Items from a data source

################

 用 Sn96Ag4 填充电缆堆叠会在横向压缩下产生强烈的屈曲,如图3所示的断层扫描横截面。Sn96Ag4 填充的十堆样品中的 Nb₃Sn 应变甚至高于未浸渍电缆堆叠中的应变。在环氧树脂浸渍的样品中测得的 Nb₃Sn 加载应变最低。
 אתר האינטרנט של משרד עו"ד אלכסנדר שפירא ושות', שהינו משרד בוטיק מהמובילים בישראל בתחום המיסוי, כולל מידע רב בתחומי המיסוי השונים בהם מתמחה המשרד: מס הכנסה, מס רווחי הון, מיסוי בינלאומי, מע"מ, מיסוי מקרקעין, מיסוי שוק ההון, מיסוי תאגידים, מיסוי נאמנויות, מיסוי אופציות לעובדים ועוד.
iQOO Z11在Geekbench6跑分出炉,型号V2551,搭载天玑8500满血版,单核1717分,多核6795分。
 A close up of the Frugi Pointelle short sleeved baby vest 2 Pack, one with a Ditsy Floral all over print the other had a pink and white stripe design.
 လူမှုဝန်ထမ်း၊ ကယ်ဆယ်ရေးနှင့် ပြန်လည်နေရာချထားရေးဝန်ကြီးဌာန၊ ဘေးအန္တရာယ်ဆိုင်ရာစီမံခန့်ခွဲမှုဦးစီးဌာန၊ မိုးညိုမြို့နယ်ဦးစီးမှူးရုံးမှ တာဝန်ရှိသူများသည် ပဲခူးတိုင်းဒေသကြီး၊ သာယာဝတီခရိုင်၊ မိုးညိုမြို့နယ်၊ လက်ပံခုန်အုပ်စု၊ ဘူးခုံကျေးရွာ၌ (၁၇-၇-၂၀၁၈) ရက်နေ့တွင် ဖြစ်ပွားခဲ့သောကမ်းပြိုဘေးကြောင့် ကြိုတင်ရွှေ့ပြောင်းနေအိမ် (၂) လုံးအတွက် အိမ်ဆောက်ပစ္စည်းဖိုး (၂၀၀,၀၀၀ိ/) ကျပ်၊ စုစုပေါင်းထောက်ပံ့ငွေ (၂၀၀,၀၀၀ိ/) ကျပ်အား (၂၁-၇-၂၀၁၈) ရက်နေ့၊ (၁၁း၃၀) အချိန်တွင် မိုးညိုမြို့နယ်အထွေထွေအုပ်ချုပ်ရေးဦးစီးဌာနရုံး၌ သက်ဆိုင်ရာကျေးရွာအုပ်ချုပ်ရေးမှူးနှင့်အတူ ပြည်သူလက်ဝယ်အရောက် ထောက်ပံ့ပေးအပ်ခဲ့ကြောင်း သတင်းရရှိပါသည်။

################

> TASK PROMPT
Every record must be set down again exactly.

> TASK OUTPUT
 用 Sn96Ag4 填充电缆堆叠会在横向压缩下产生强烈的屈曲,如图3所示的断层扫描横截面。Sn96Ag4 填充的十堆样品中的 Nb₃Sn 应变甚至高于未浸渍电缆堆叠中的应变。在环氧树脂浸渍的样品中测得的 Nb₃Sn 加载应变最低。
 אתר האינטרנט של משרד עו"ד אלכסנדר שפירא ושות', שהינו משרד בוטיק מהמובילים בישראל בתחום המיסוי, כולל מידע רב בתחומי המיסוי השונים בהם מתמחה המשרד: מס הכנסה, מס רווחי הון, מיסוי בינלאומי, מע"מ, מיסוי מקרקעין, מיסוי שוק ההון, מיסוי תאגידים, מיסוי נאמנויות, מיסוי אופציות לעובדים ועוד.
iQOO Z11在Geekbench6跑分出炉,型号V2551,搭载天玑8500满血版,单核1717分,多核6795分。
 A close up of the Frugi Pointelle short sleeved baby vest 2 Pack, one with a Ditsy Floral all over print the other had a pink and white stripe design.
 လူမှုဝန်ထမ်း၊ ကယ်ဆယ်ရေးနှင့် ပြန်လည်နေရာချထားရေးဝန်ကြီးဌာန၊ ဘေးအန္တရာယ်ဆိုင်ရာစီမံခန့်ခွဲမှုဦးစီးဌာန၊ မိုးညိုမြို့နယ်ဦးစီးမှူးရုံးမှ တာဝန်ရှိသူများသည် ပဲခူးတိုင်းဒေသကြီး၊ သာယာဝတီခရိုင်၊ မိုးညိုမြို့နယ်၊ လက်ပံခုန်အုပ်စု၊ ဘူးခုံကျေးရွာ၌ (၁၇-၇-၂၀၁၈) ရက်နေ့တွင် ဖြစ်ပွားခဲ့သောကမ်းပြိုဘေးကြောင့် ကြိုတင်ရွှေ့ပြောင်းနေအိမ် (၂) လုံးအတွက် အိမ်ဆောက်ပစ္စည်းဖိုး (၂၀၀,၀၀၀ိ/) ကျပ်၊ စုစုပေါင်းထောက်ပံ့ငွေ (၂၀၀,၀၀၀ိ/) ကျပ်အား (၂၁-၇-၂၀၁၈) ရက်နေ့၊ (၁၁း၃၀) အချိန်တွင် မိုးညိုမြို့နယ်အထွေထွေအုပ်ချုပ်ရေးဦးစီးဌာနရုံး၌ သက်ဆိုင်ရာကျေးရွာအုပ်ချုပ်ရေးမှူးနှင့်အတူ ပြည်သူလက်ဝယ်အရောက် ထောက်ပံ့ပေးအပ်ခဲ့ကြောင်း သတင်းရရှိပါသည်။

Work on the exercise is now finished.